> EXCERPTED DATA
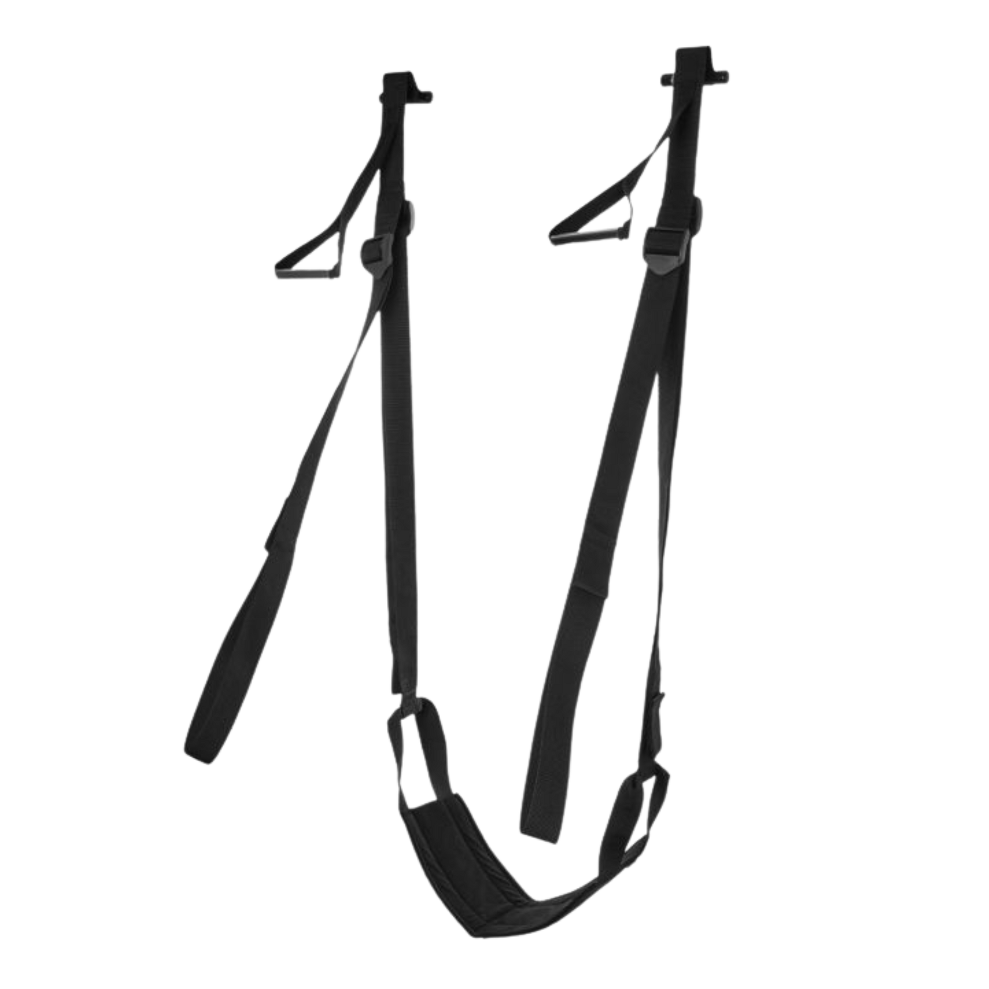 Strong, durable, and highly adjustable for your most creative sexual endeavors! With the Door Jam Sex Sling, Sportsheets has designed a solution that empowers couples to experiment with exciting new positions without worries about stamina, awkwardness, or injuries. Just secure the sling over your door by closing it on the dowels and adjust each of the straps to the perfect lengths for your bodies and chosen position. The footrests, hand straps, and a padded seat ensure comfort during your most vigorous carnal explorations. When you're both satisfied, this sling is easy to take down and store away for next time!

--

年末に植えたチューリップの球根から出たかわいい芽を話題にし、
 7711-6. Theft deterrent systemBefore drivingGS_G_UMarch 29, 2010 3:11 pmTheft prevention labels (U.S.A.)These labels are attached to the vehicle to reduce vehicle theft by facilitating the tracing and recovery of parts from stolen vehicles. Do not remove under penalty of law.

> WORK INSTRUCTIONS
Scan the lines above for "年末に植えたチューリップの球根から出たかわいい芽を話題にし、" and for "7711-6. Theft deterrent". Repeat exactly the line holding each of them and every line in between.

> TASK ANSWER
年末に植えたチューリップの球根から出たかわいい芽を話題にし、
 7711-6. Theft deterrent systemBefore drivingGS_G_UMarch 29, 2010 3:11 pmTheft prevention labels (U.S.A.)These labels are attached to the vehicle to reduce vehicle theft by facilitating the tracing and recovery of parts from stolen vehicles. Do not remove under penalty of law.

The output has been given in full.